Tolto il nemico contro cui lottare, e scomunicata l’idea che è la motivazione della lotta, rimangono in campo soltanto gli individui affetti da istinto parassitario e da incoscienza straviziata. Ed è sempre Eraclito ad inquadrare con acume e precisione lo stile di questi sopravvissuti: “Rispetto a tutte le altre una sola cosa preferiscono i migliori: la gloria eterna rispetto alle cose caduche; i più invece pensano a saziarsi come bestie”[ii].

È questa o no la condizione dei moderni politici arrivati: sempre insoddisfatti nell’avere, sempre insufficienti nell’apparire, sempre svuotati nell’essere? È questa o no la finalità dell’attuale politica come professione, in antitesi all’antica politica per passione – per dirla alla Max Weber?

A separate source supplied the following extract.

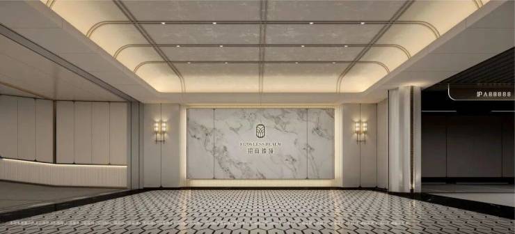 精装地上大堂,地面的石材拼花造型,墙面的石材背景,将静奢海派的艺术展现的淋漓尽致。

Ad esclusione di un certo numero di giovani che ancora hanno in sé, per destino o per contagio, il germe dell’ideale, e di quelli spregiudicati inquadrabili nella descrizione fatta, o un certo numero di manovrati qualunquisti in eterna agitazione, gli altri si diluiscono nella quotidianità dell’individualismo e della volontaria omologazione. Assuefatti ad ogni tipo di propaganda e ad ogni novità consumista, come prescritto dal controllo democratico delle coscienze, si assopiscono nello spirito e nella coscienza. È il risultato di una operazione studiata, voluta e condotta dal sistema, perché: “(…) è stato proprio l’avvento delle forme di governo ‘democratico’ e delle libertà individuali, assieme all’industrializzazione a produrre la necessità oggettiva, sia politica che economica, di governare (manipolare) dall’alto il pensiero e il comportamento della gente, sia come elettori che come consumatori”[iii].

Il problema che si pone è come scuotere le coscienze, come riattivare i sogni e risvegliare le speranze, come riacutizzare lo sguardo verso il destino, come dare di nuovo un senso al sacrificio, come far capire ai sonnolenti e sedati contemporanei – per rifarsi alle parole di Paolo Borsellino – che una intera generazione sta morendo ogni giorno, più volte al giorno, di noia, di paura, di disinteresse e di cinismo, mentre l’unica vita a disposizione sta sfuggendo di mano verso l’unica meta naturale, ma senza alcuna consapevolezza, alla fine, di avere vissuto con passione e dignità.


[i] N.G. DÀVILA, Pensieri antimoderni, trad. it., Edizioni di Ar, Padova 2008, p. 29.

[ii] Le citazioni sono tratte da AA.VV., Filosofia antica, Raffaello Cortina, Milano 2005, pp. 31-2

[iii] M. DELLA LUNA / P. CIONI, Neuro Schiavi, Macro Edizioni, Cesena (FC) 2009, p. 30.